A few people have asked me about what legal changes are required to implement the Pyne higher education reform package. This post summarises what I think the legal situation will be. The relevant legislation is the Higher Education Support Act 2003 (HESA).
Changes to Commonwealth contribution rates
The government plans to introduce new, generally lower, Commonwealth contribution rates. This requires amending section 33-10 of HESA. I’ve heard it said that this will be part of the appropriation bills which by convention are passed by the Senate, but this isn’t right. Those appropriation bills cover only a smallish percentage of government funding, not including the Commonwealth Grant Scheme.
The government has also indicated that it wants to further reduce funding rates for diploma courses and non-university higher education providers. That would require more substantial redrafting, especially if the government intends to expressly fund research through the Commonwealth Grant Scheme. Section 33-10 alludes to the ‘benefits to students’ power in the Constitution. On the basis of the Williams No. 2 case (the school chaplains case), the High Court may well take a dim view of using this provision to fund research. (Update: There are other potential Constitutional foundations that possibly could be used here, such as the corporations power that was used for the TEQSA Act, universities being legal corporations.)
Increasing or abolishing the student contribution cap
This requires amendment of section 93-10 of HESA.

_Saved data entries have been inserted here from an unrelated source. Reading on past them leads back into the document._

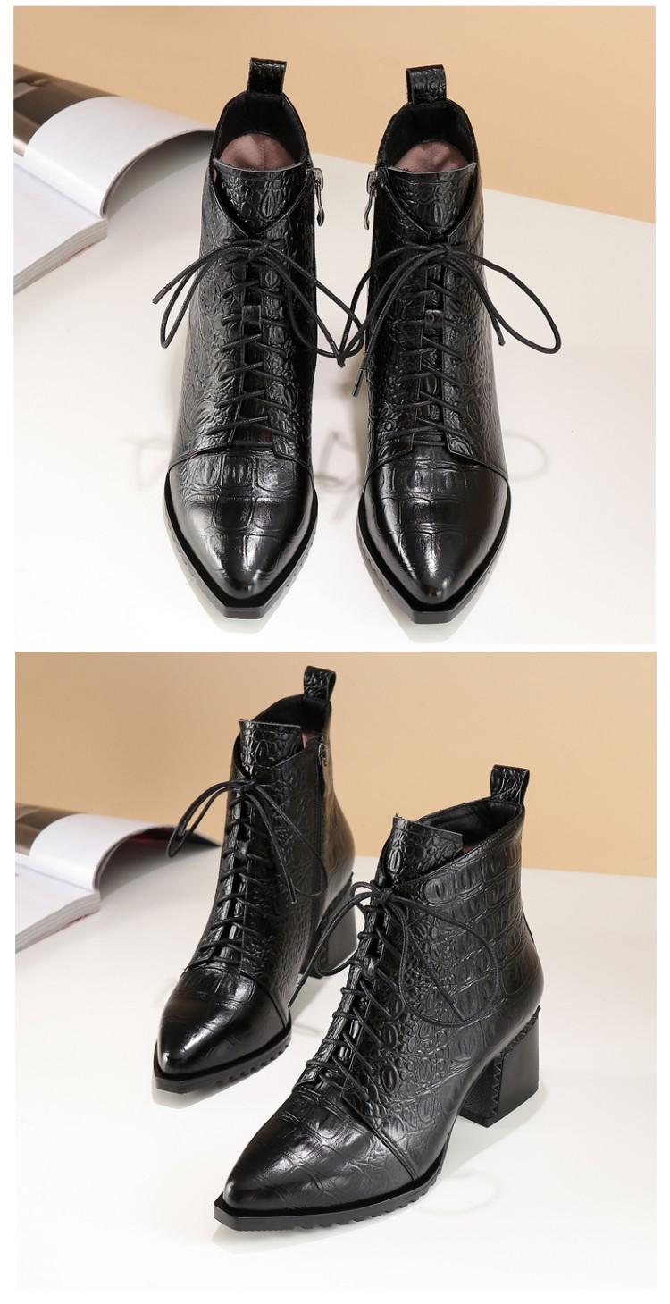 2019高端系列真皮头层牛皮绒里皮靴系带尖头粗跟高跟马丁靴 DTN301-1
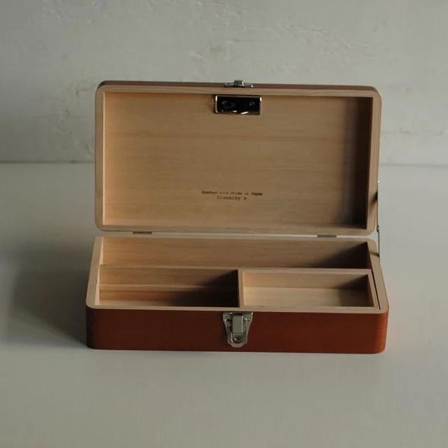 Placing it on your desk will not only add a touch of vintage charm but also enhance the overall aesthetics of your workspace. With its convenient top handle and sturdy hinged lid, you can easily take this wooden box with you to stationery enthusiast gatherings.
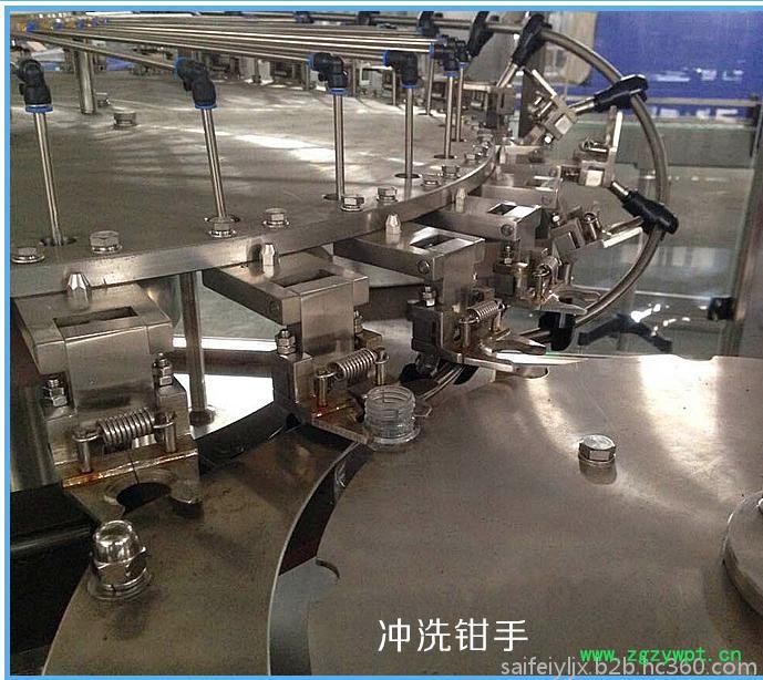 本系列设备集洗、灌、封为一体,适用于各种果汁饮料、茶饮料的热灌装生产,同时更换少量的零部件,便可用于纯净水、矿泉水的灌装。产量3000-36000瓶/小时,可供用户选择。采用先进的微负压重力式灌装原理,灌装快、稳、准,设有完善的物料回流系统,也可实现回流时独立回气,不与物料接触,减少物料二次污染及氧化。本机能满足95℃以下热灌装技术要求,灌装阀及物料进出管路无卫生死角,同时配有CIP自清洗接口,封盖前设有对瓶口RO水冲洗装置,以确保瓶口无发霉现象。采用磁力扭矩式拧盖头,实现抓盖、拧盖功能。拧盖力矩无级可调,具有恒力矩旋封塑盖功能。整机采用人机界面触摸屏控制、PLC电脑程序控制、变频器控制等先进技术。具有供盖系统自动控制、灌装温度自动检测、物料高温报警、低温停机并自动回流、无瓶不加盖、缺瓶等待、缺盖停机等功能。
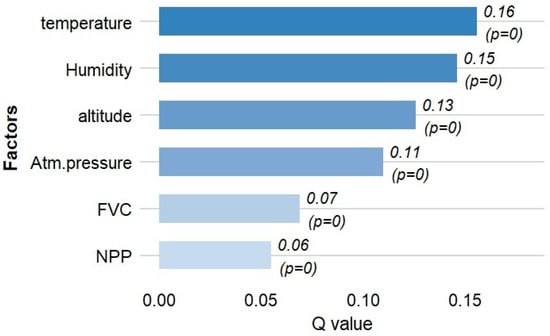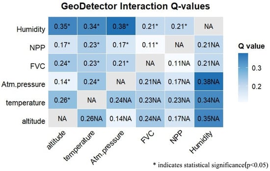 The validation of the factor detection Q-values in this study was conducted from both statistical and comparative perspectives. Statistically, all Q-values reported were found to be significant. Furthermore, our results align closely with existing literature [13,14,15]; for instance, the dominant factors identified—terrain and climate—are consistent with those reported in the study by Shi et al. on influencing factors of oxygen content. This consistency reinforces the reliability and credibility of the Q-values obtained in our analysis.
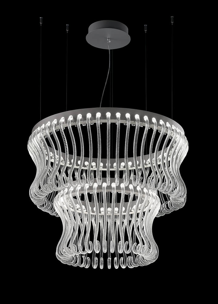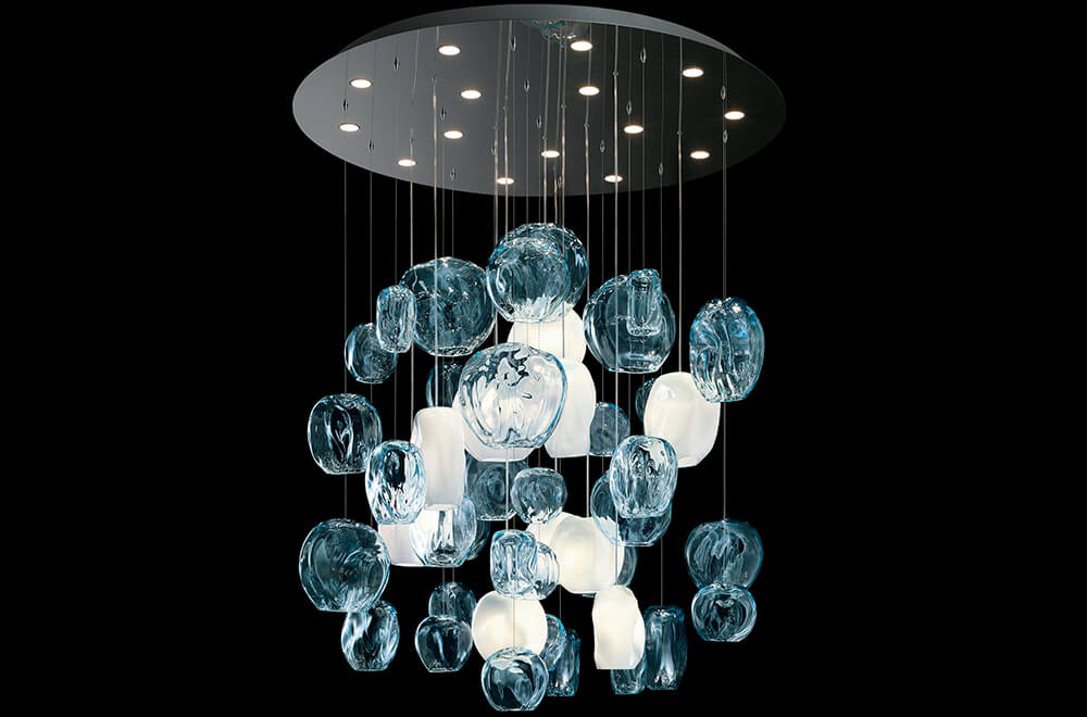 Today, the production of Barovier and Toso is concentrated entirely in the lighting sector. Primarily through its splendid and very rich chandeliers, such as the Taif model created for the sovereign of Saudi Arabia, combining Venetian and French styles, but also applique lamps wall with strong decorative values, fine table lamps, elegant floor lamps, pendant lamps and ceiling lamps.
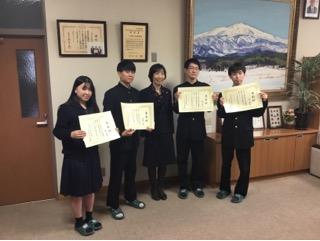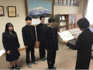 3月3日(火)卒業式後、校長室にて、生徒会活動に功績のあった4名に、生徒会自治功労賞の授与がありました。この賞は生徒会活動において3期以上の生徒会役員、各種委員会の委員長を務めた生徒に贈られます。
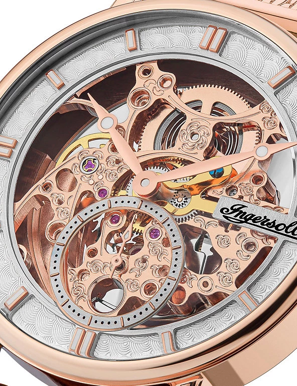 The Herald analogue watch by Ingersoll combines a traditional look with contemporary craftsmanship. A substantial gold-tone case houses an intricate skeleton mechanism, with the cogs, jewels and springs all visible. Around the dial, a silver-tone surround is embellished with subtle wave patterns, contrasting with the gold baton hour markers. Its automatic movement is powered by the natural movements of your body, so you never need to worry about winding it. Plus, the understated mesh bracelet has a fully adjustable fastening for maximum comfort and comes with a water resistance of 50m.
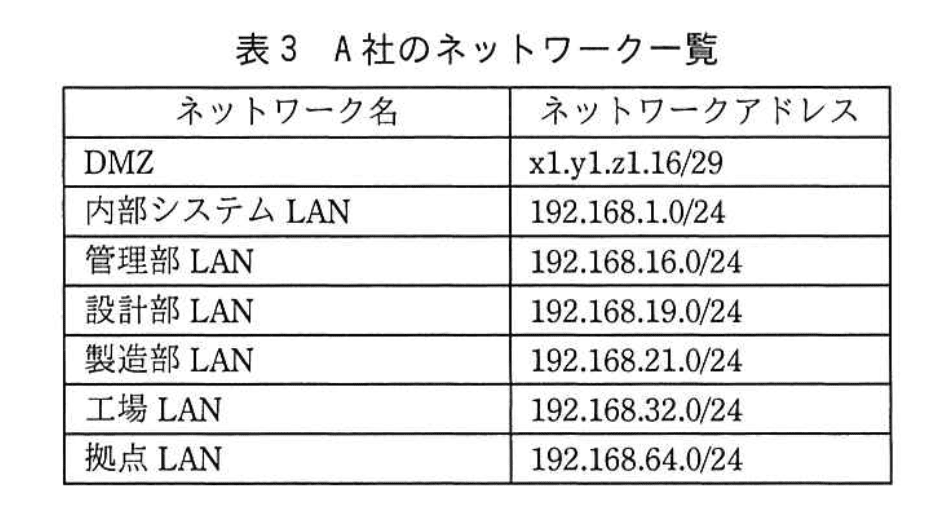 A社のネットワーク構成を図1に、A社のネットワーク一覧を表3に示す。
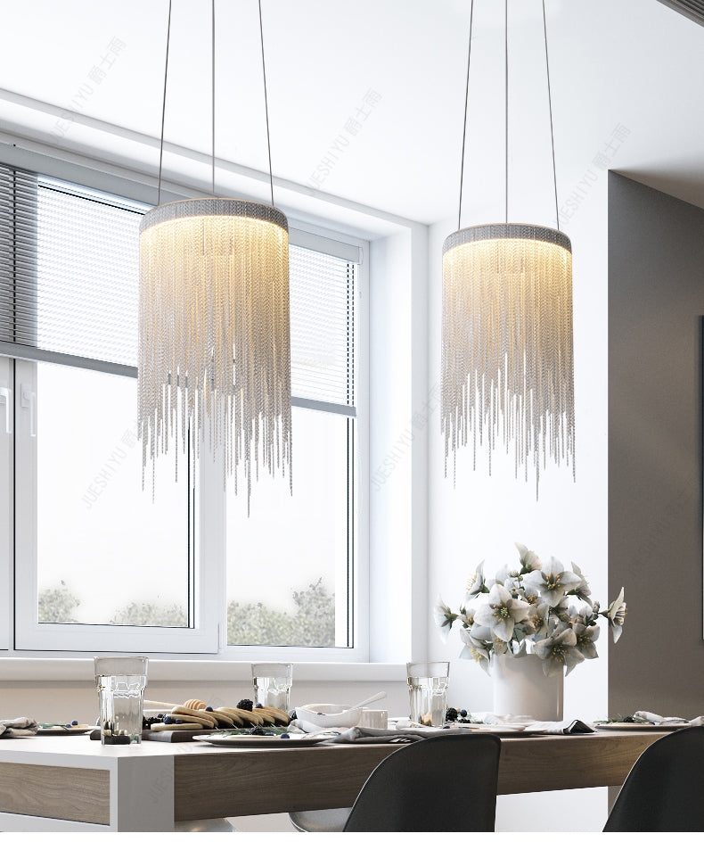 | Let the Fiona bring some spark to your dining room. With an industrial style that contrasts bold and delicate, this lamp fits any aesthetic and a range of spaces. Adorned with chains and tassels that remind us of bohemian style, this lamp can bring a hint of nature indoors. A perfect fit for modern spaces. |

The government has said that international student fees will be the new cap. While not expressed exactly in those terms, this is already legislated through section 36-55 of HESA. What that section says is that student contribution amounts (legally defined as being for students in Commonwealth supported places) can’t be more than tuition fees (legally defined as being for full fee students). As section 36-30 effectively bans domestic full fee undergraduate students in public universities except in very limited circumstances, the tuition fee reference is almost invariably going to be to international students.
There is no requirement to offer courses to international students, and universities can increase their international student fees, so this is not a very strong capping mechanism.
Requiring universities to put 20 per cent of additional student revenue into a Commonwealth scholarship fund
One complexity here is that division 46 of HESA already has Commonwealth scholarships, in this case actually funded by the Commonwealth rather than other students. Apart from that there could be a backdoor way of doing this, via section 30-25(2), which enables the Commonwealth to put almost any requirement on universities not expressly contradicted by the Act as a condition of receiving funding. Given that the Commonwealth once got away with using 30-25(2) to force the University of Melbourne to subsidise the then legally separate Victorian College of the Arts, requiring universities to subsidise their own students would look reasonable in comparison.
That said, legislation or delegated legislation would give the policy a stronger legal basis, so I expect the government will pursue one of those options.